Выбрать главу

Мара вздохнула:

— Не надо. К тому времени мы должны положить конец возне с мальчишкой из Кеотары. Я хочу, чтобы ты указал Кейоку агента Минванаби в свите Барули. И передай ему, что нынче ночью я лягу спать в покоях Накойи. — Мара замолчала, и птичка последовала ее примеру. — Как по-твоему, не стоит ли сегодня ночью поставить на пост в моих покоях Вайо и Люджана? Аракаси ответил не сразу.

— Думаешь, юный Барули не прочь нанести поздний визит в твою постель?

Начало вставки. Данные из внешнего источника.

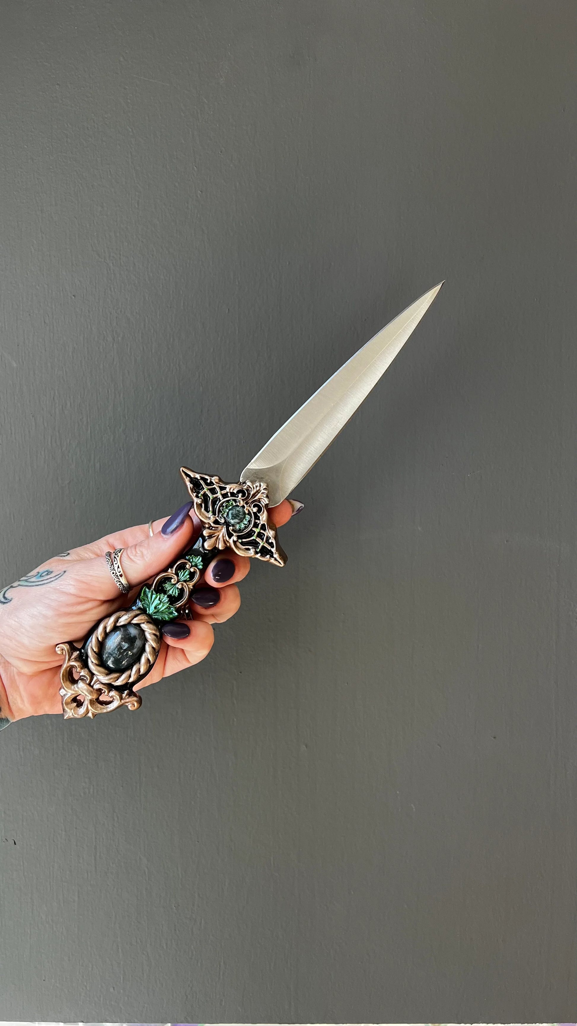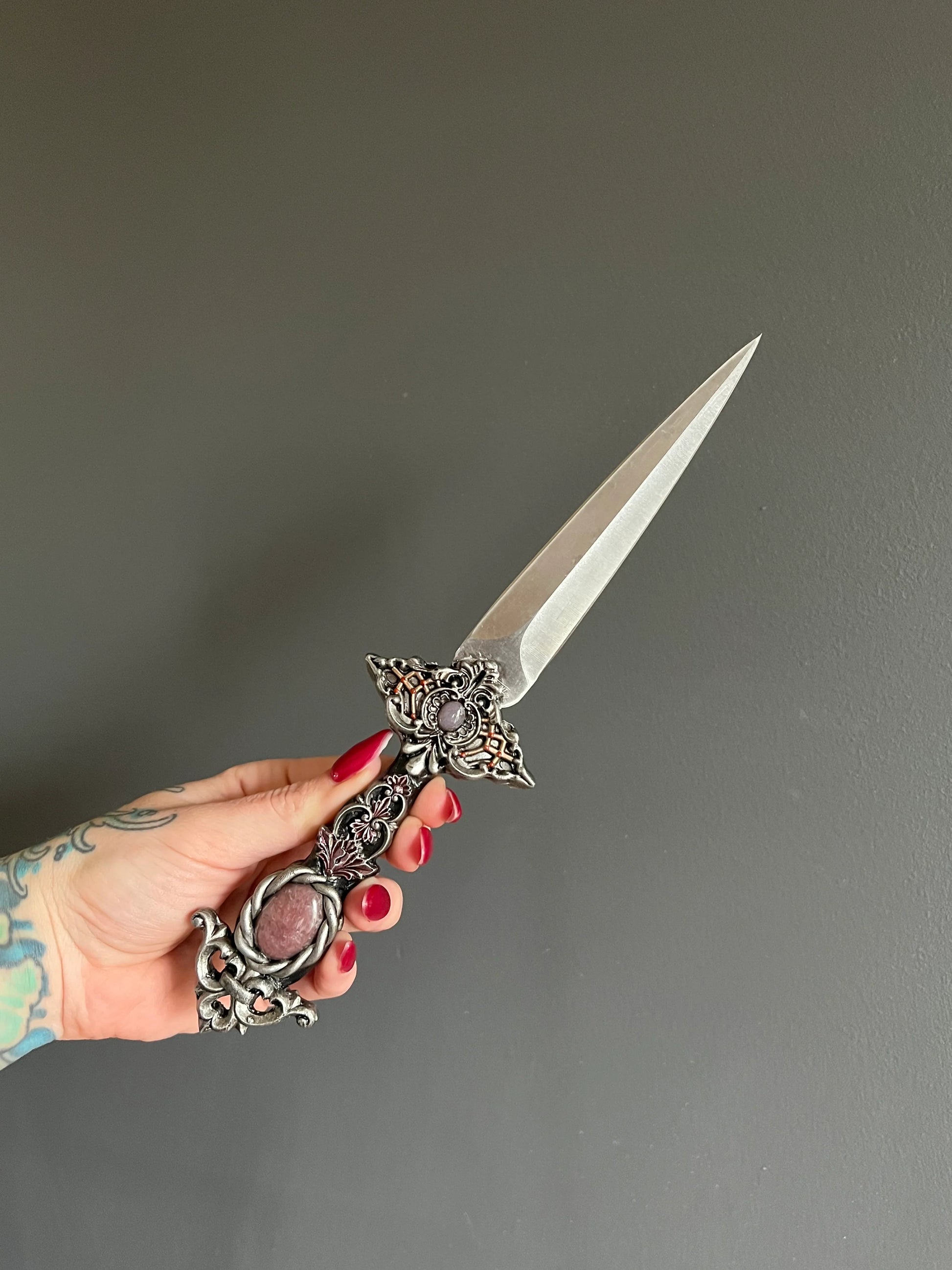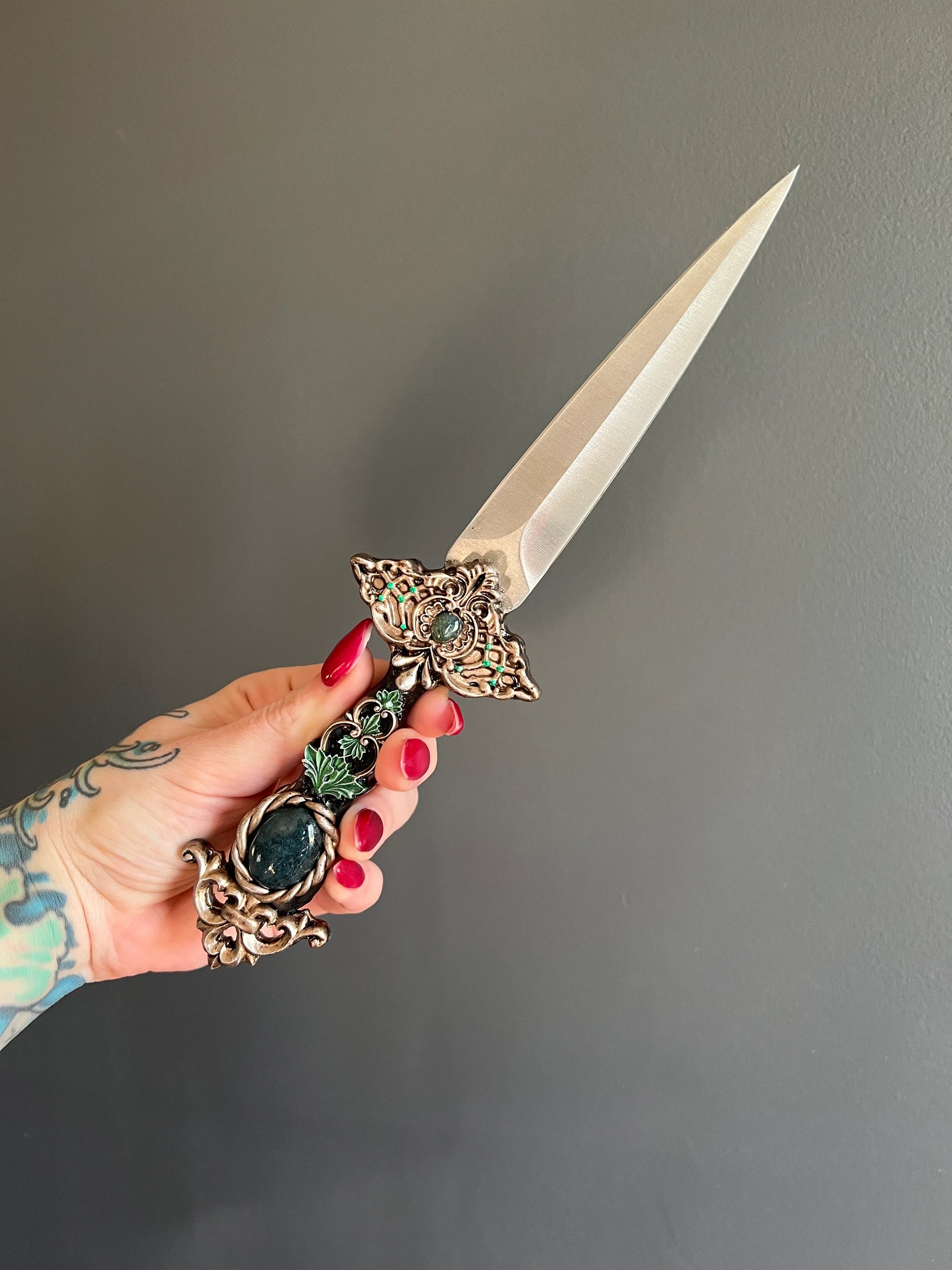 Hand-sculpted from clay and steeped in the breath of ancient earth, the hilt of The Huntress is adorned with sweeping branches and curling leaves, their wild forms entwining in a silent dance down the handle. Winding patterns twist like old roots along weathered stone, gathering near the base in a living tapestry of wood and spirit, as if the blade had slumbered for centuries within the heart of a sacred forest. Cradled within its form rests your chosen semi-precious gemstone — a glistening amethyst, a shimmering labradorite, a soft rose quartz, or another stone of enchantment. The setting feels almost organic, as if the dagger itself grew around the crystal over centuries of slumber.

— Скорее этого следует ожидать от убийцы из его свиты. — Мара пожала плечами. — Барули пляшет под мою дудку, но если бы мы могли несколько подпортить ему настроение… нам это пошло бы на пользу. И если сегодня ночью кому-нибудь вздумается побродить по коридорам, то, думаю, мы просто обязаны облегчить ему доступ в мои покои.

— Как всегда, ты поражаешь меня, госпожа. — Аракаси вложил в поклон и восхищение, и иронию. — Я прослежу, чтобы твои указания дошли до Кейока.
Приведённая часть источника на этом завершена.